→ TASK ITEM
Write out the data word for word and omit every picture.

→ Extracted data entries
_ _ _
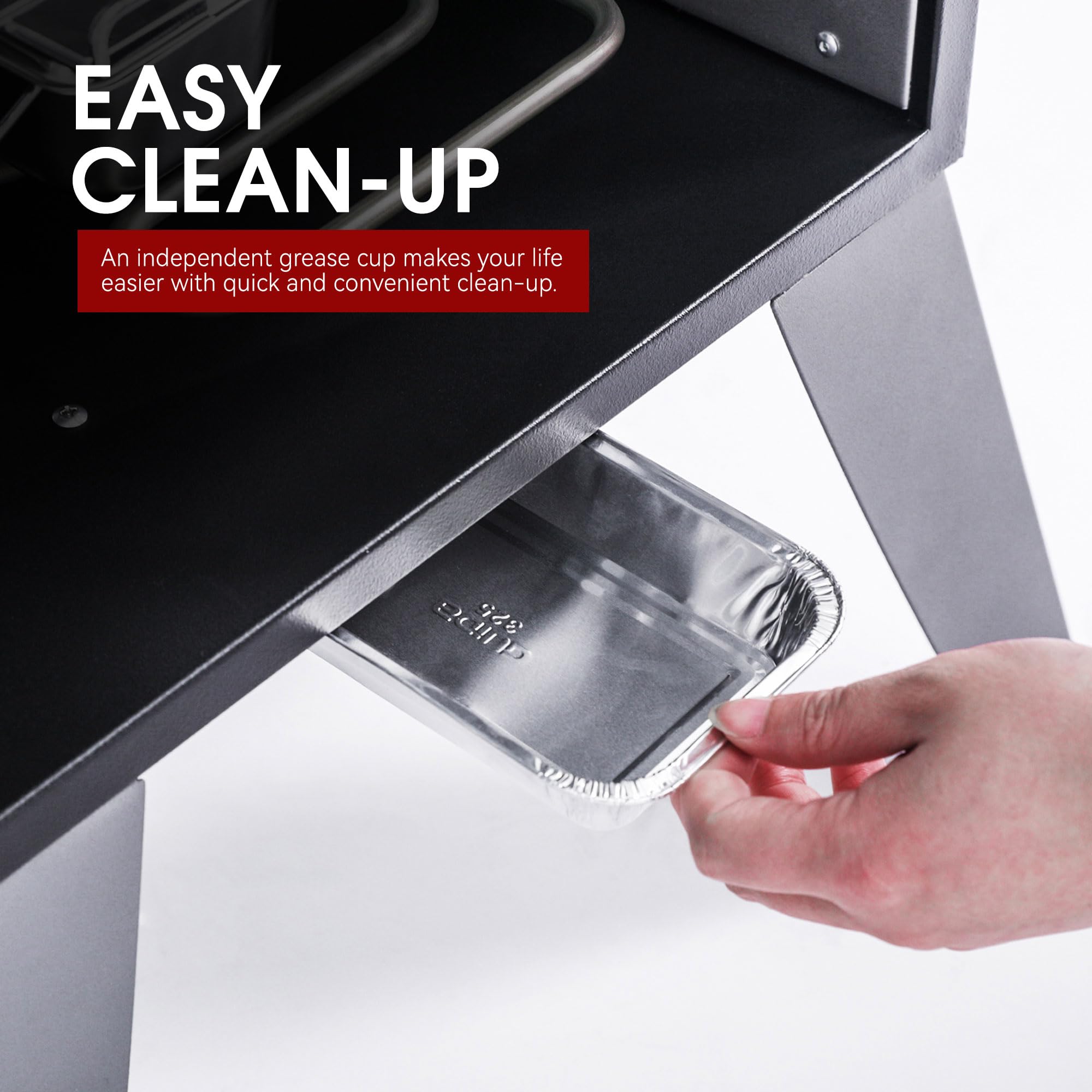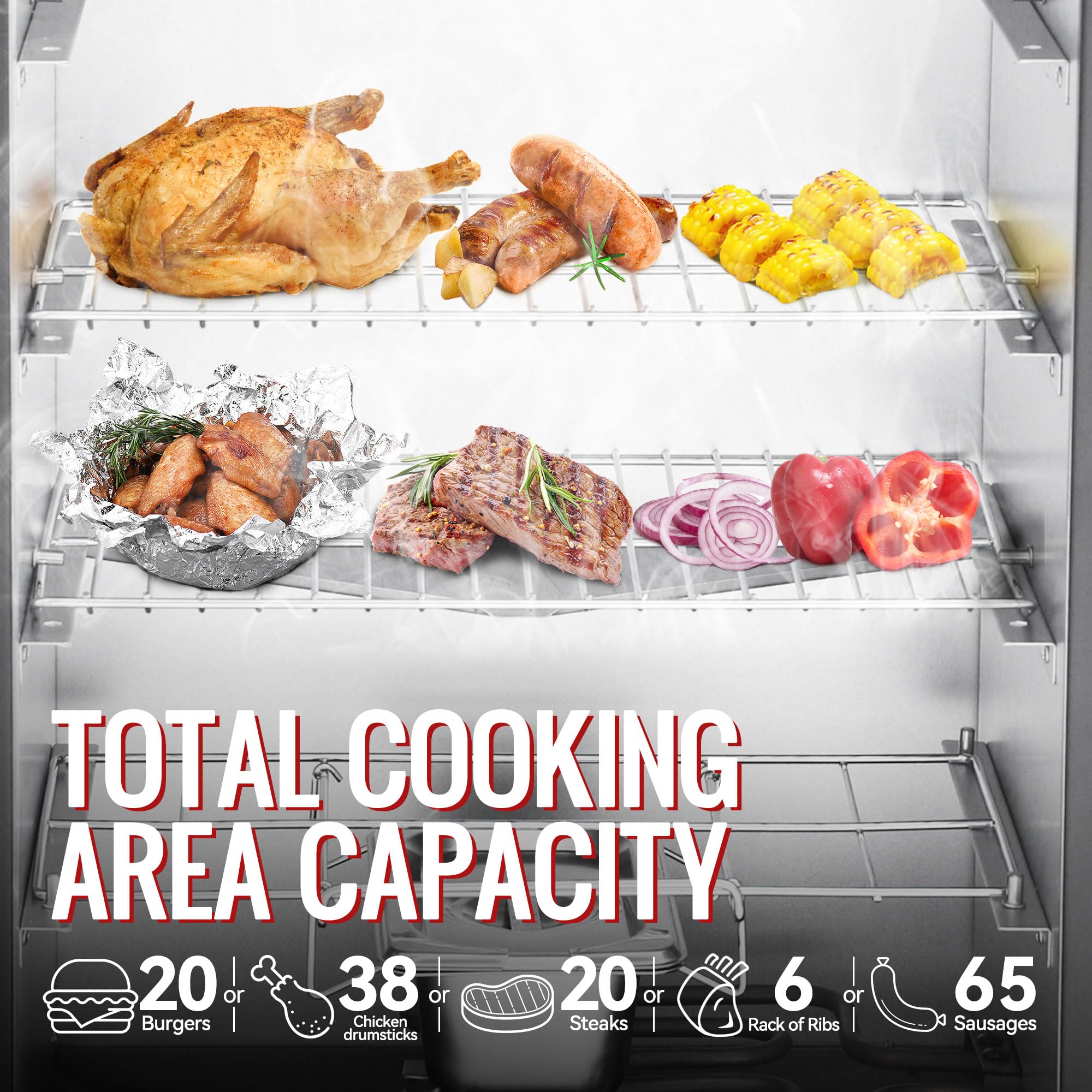 Large Cooking Space: A total of 454 sq. in. cooking area, including 3 chrome-plated steel smoking racks, offers you an ample cooking area for your favorite food
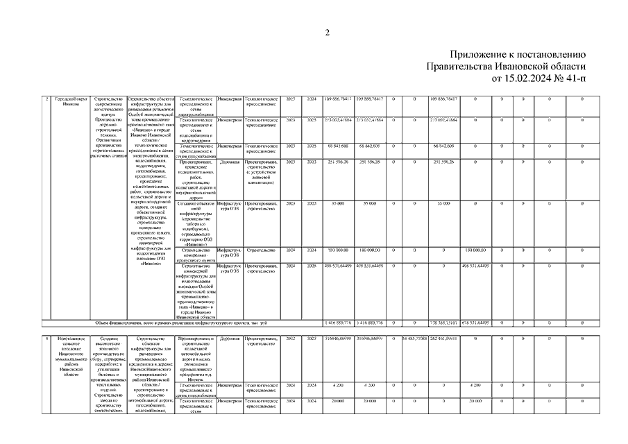 Постановление Правительства Ивановской области от 15.02.2024 N 41-п "О внесении изменений в постановление Правительства Ивановской области от 27.12.2021 N 697-п "Об утверждении детализированного перечня мероприятий, реализуемых в рамках инфраструктурных проектов, на финансовое обеспечение которых из федерального бюджета предоставляется бюджетный кредит"
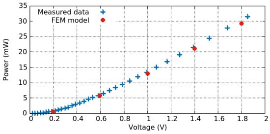 FEM simulation and measured power dissipated by the sensor for different applied biases.
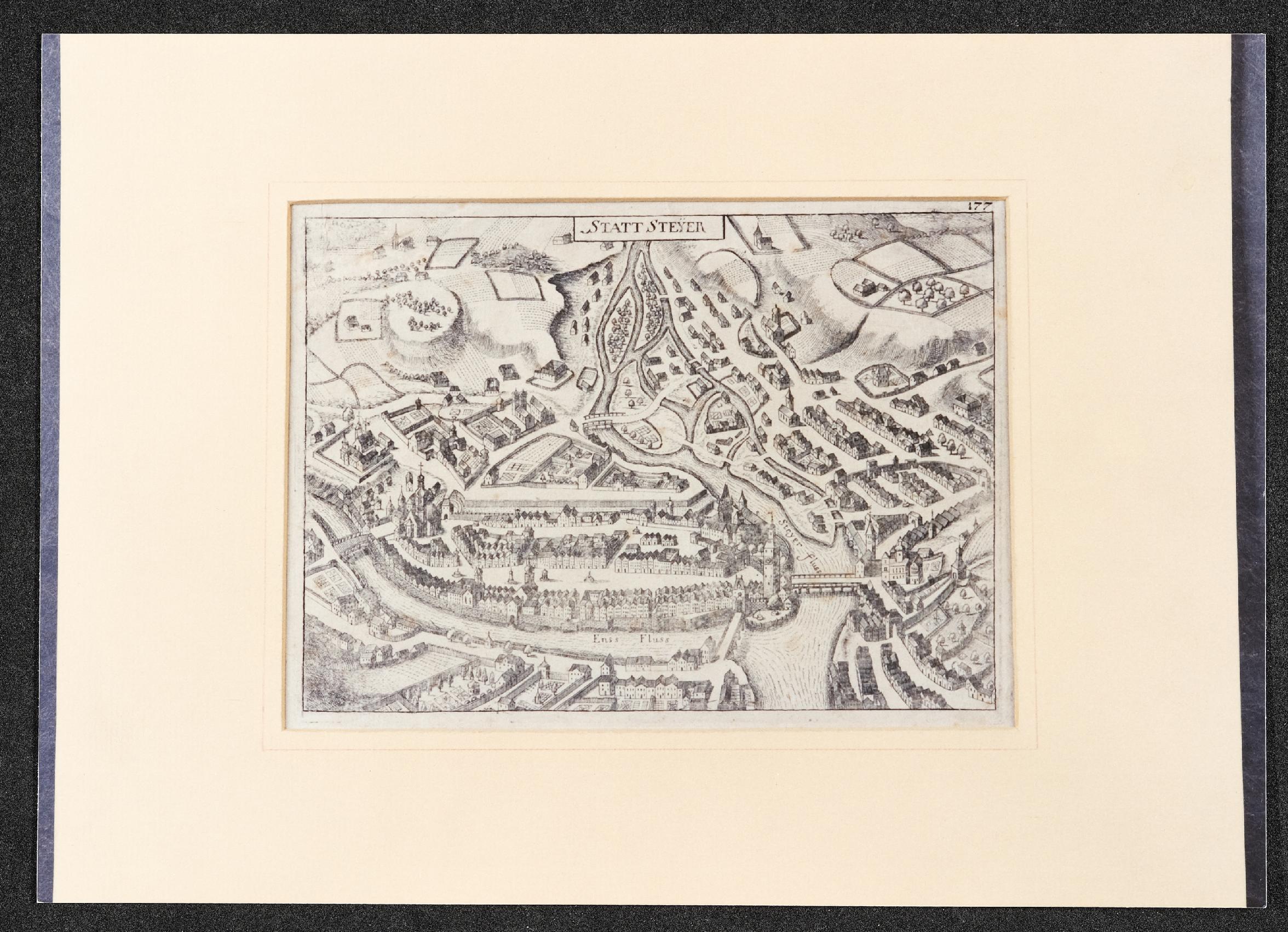 | Beschreibung | Stich nach Matthäus Merian der Ältere (*1593, +1650). Das Original befindet sich im Stadtmuseum Steyr. |
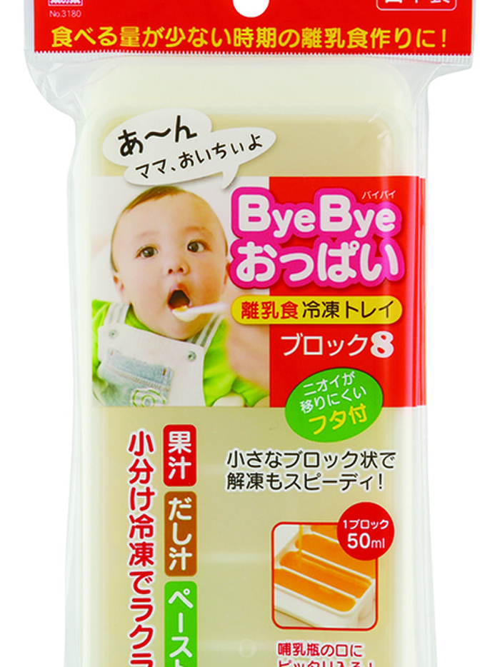 離乳食を小分け冷凍するトレイ。果汁、だし汁、ペースト、おかゆ等に。フタ付きで冷凍庫内の臭いも移りにくく衛生的です。ブロック状で解凍もスピーディ。
_ _ _
→ WRITTEN RESPONSE
 Large Cooking Space: A total of 454 sq. in. cooking area, including 3 chrome-plated steel smoking racks, offers you an ample cooking area for your favorite food
 Постановление Правительства Ивановской области от 15.02.2024 N 41-п "О внесении изменений в постановление Правительства Ивановской области от 27.12.2021 N 697-п "Об утверждении детализированного перечня мероприятий, реализуемых в рамках инфраструктурных проектов, на финансовое обеспечение которых из федерального бюджета предоставляется бюджетный кредит"
 FEM simulation and measured power dissipated by the sensor for different applied biases.
 | Beschreibung | Stich nach Matthäus Merian der Ältere (*1593, +1650). Das Original befindet sich im Stadtmuseum Steyr. |
 離乳食を小分け冷凍するトレイ。果汁、だし汁、ペースト、おかゆ等に。フタ付きで冷凍庫内の臭いも移りにくく衛生的です。ブロック状で解凍もスピーディ。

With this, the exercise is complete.